"Yes, sir; but this is a very different sort of thing, and my father, as you may have heard, sir, was an Eton boy."

"I have heard so. Well, you follow in your father's steps, my lad, and do your duty as well as he did. And your first duty is to look after your womenkind, and save them in every way you can. Out of office hours you could do a great deal for them, couldn't you?"

"I'm sure," complained Joey aggrievedly, "I'm ready to do anything—only Jenny won't let me. She will manage and control things, as if she were the head of the family. She would go into this low tea-room business in spite of all I could say. However"—drawing himself up—"I hope it won't be very long before she is in a different position."

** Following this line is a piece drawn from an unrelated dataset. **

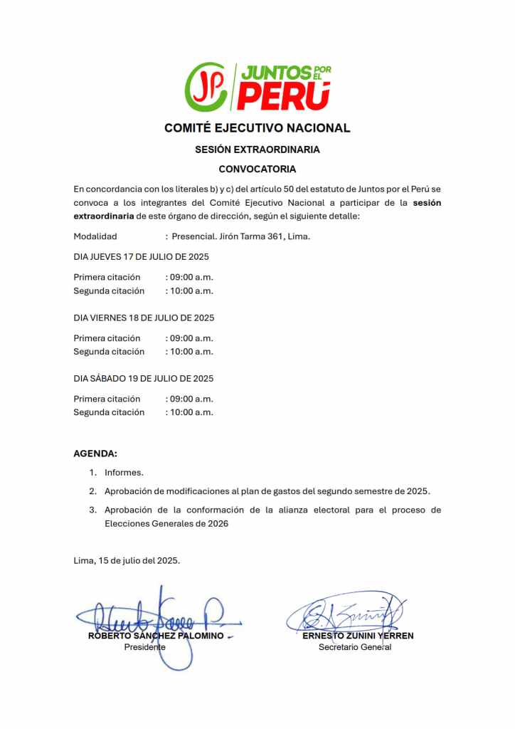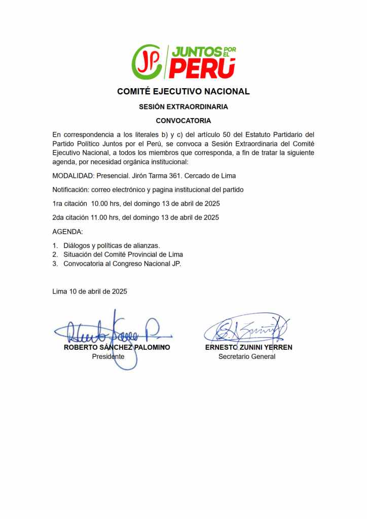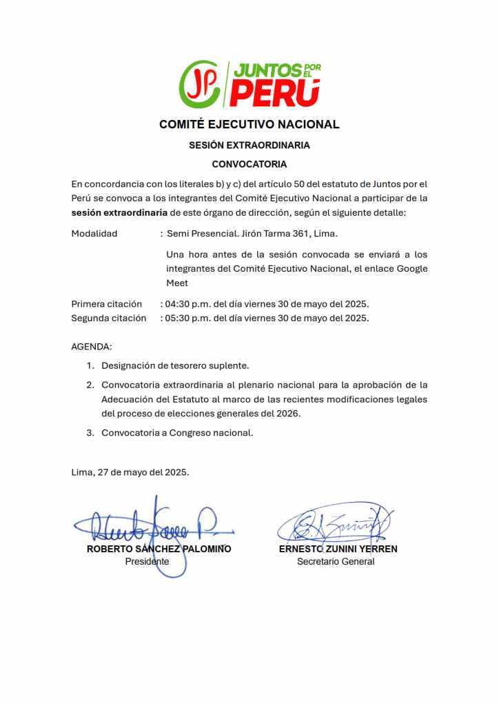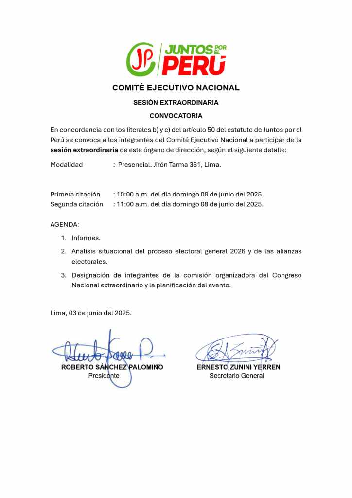 Convocatoria de sesión extraordinaria del Plenario Nacional del 08 de junio de 2025

A stinging thought flashed into Mr. Churchill's mind, and changed his amused smile into an anxious frown. "Do you mean by marriage?" he asked; saying to himself that she was just the woman to take up with a loafing vagabond, who would live upon her at his ease, while she worked to support him.

"No, sir. But my father's uncle, who is a great age, is rich, and we expect to come in for some of his property when he dies."

"Oh!" in an accent of relief. "I wouldn't advise you to count on any contingencies of that sort. Just stick to business, and depend on your own exertions—as your sister does. Take pattern by her, and you won't go far wrong."

Joey looked at his young chief with a new expression.

"Do you know my sister?" he inquired.

"I know of her," said Anthony warily. "My father and Mrs. Churchill, and my sister, Mrs. Oxenham, have taken a great interest in the tea-room ever since it was first opened; I have heard from them of her noble efforts to help her family."

This was a new view of the case to Joey, who decided to go and see his mother and sisters in the evening.